Dataset extract:
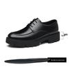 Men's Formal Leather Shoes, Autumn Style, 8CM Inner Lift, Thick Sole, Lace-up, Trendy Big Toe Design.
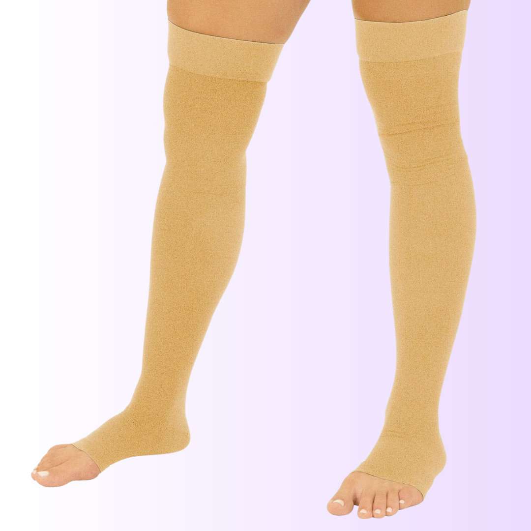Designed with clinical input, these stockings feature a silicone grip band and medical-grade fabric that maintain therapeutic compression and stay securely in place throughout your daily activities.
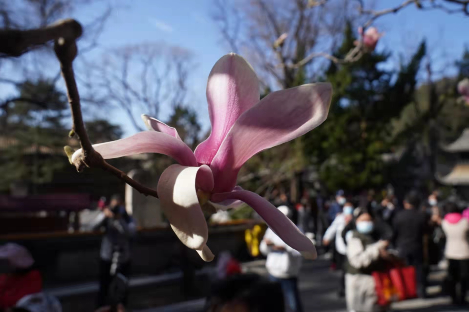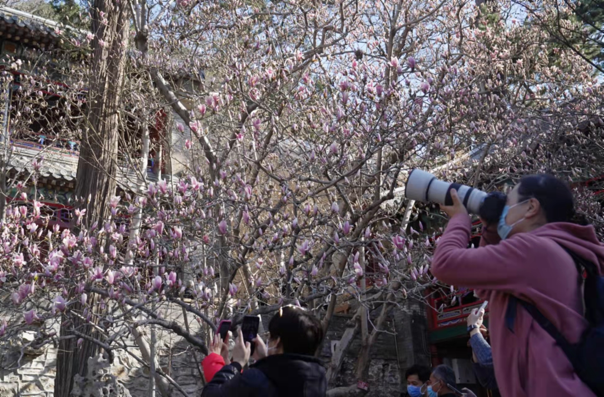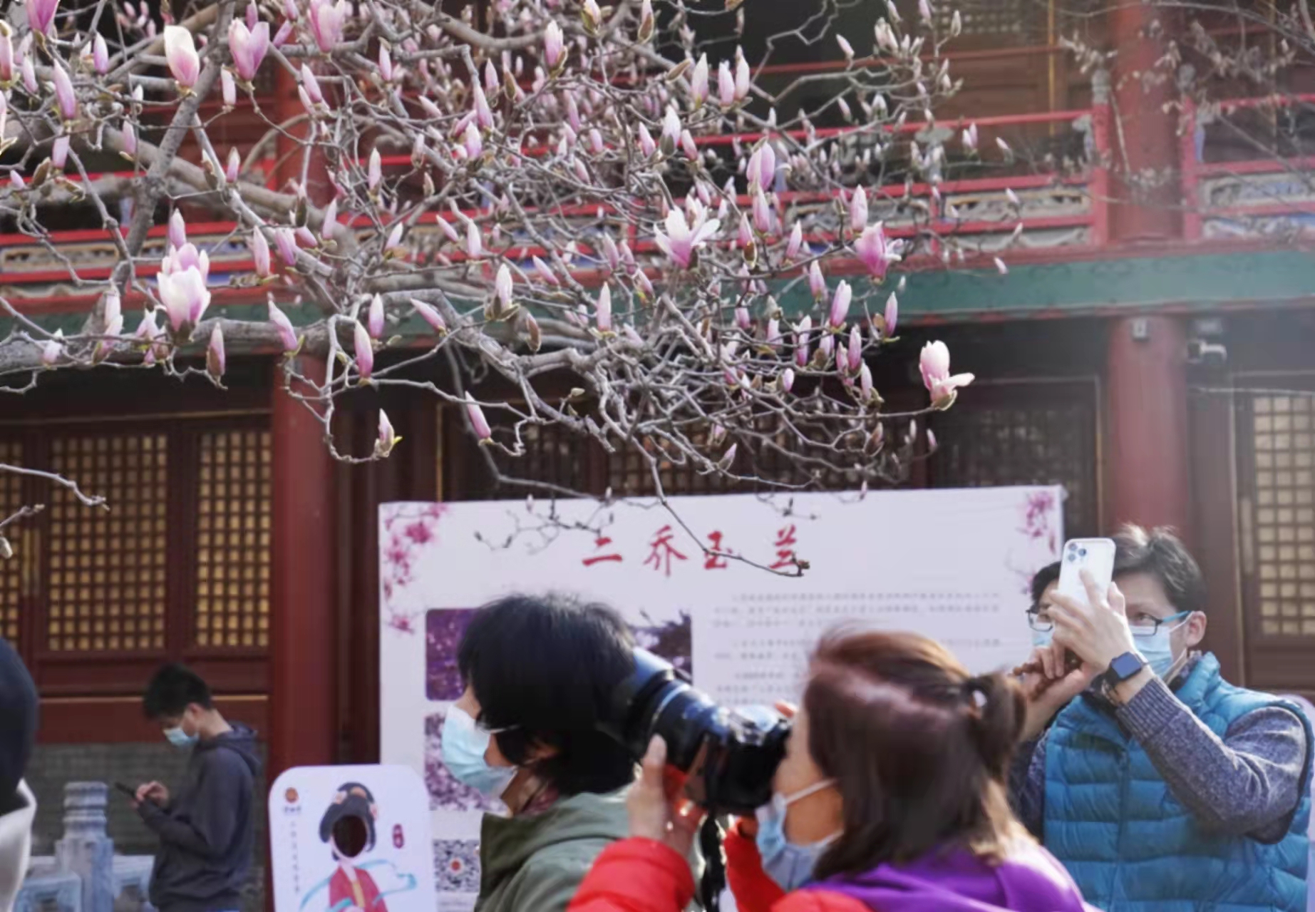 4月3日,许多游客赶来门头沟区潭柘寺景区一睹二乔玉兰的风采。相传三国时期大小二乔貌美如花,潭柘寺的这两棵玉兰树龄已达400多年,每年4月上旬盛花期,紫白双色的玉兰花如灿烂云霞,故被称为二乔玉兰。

Exercise aim: Starting at the line that contains "Designed with clinical", retype each line through the end of the data exactly, and leave out every picture.

Completed exercise:
Designed with clinical input, these stockings feature a silicone grip band and medical-grade fabric that maintain therapeutic compression and stay securely in place throughout your daily activities.
 4月3日,许多游客赶来门头沟区潭柘寺景区一睹二乔玉兰的风采。相传三国时期大小二乔貌美如花,潭柘寺的这两棵玉兰树龄已达400多年,每年4月上旬盛花期,紫白双色的玉兰花如灿烂云霞,故被称为二乔玉兰。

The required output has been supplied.